When we sleep, we go through different phases. Sleepwalking occurs in the “slow wave” part of sleep, during which our bodies use little oxygen and have basically shut down. During this form of sleep, the body cannot cope as well as usual with shock, so any sudden changes – such as being abruptly wakened – can be dangerous for people with heart problems.

Why does your nose go red when you are cold?

Cold causes your veins to shrink to cut down on the amount of blood near the skin (and so heat loss), making you look pale.

But your nose helps warm and humidify the air that you breathe and needs a good blood supply to work properly. So, the veins in your nose are adapted not to shrink in the cold, making your nose much redder than the rest of your face in low temperatures.

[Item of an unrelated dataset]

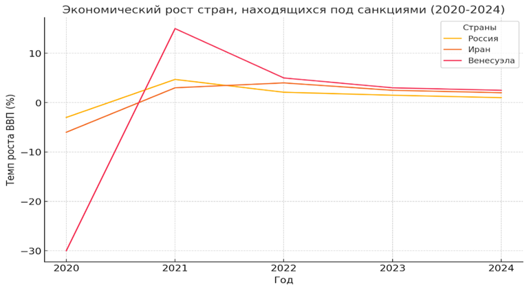 Экономический рост стран, находящихся под санкциями (2023/2024): показывает процент экономического роста в странах, находящихся под санкциями, включая Россию, Венесуэлу и Иран.

How does a nerve signal pass between cells?

When the nerve signal (in the form of an electrochemical “potential” between the inside and outside of the nerve) reaches the end of an axon, it is passed on to the next nerve cell, or on to an effector cell, such as a muscle. The axon of one neurone doesn’t usually make direct contact with the cell body of the next: the two cells are separated by a gap called a synapse. Information is transmitted across the synapse using chemicals called neurotransmitters, which cause electrical changes in the membrane of the next cell. The signal then passes along to the next nerve cell in the network. 

What is in a nerve besides nerve cells?

Packed between the neurones are the glial cells. These make up the neuroglia, tissue that supports the neurone network, protecting it and providing the neurones with nutrients. Glial supporting cells make up about half the weight of the human brain, outnumbering neurones by 50 to one. In other parts of the nervous system, the proportion is much lower – about 10 to one.

What’s the technical name for a freckle?

A freckle is called a lentigo. Freckles are caused by certain cells producing too much melanin, the chemical that gives our bodies colour.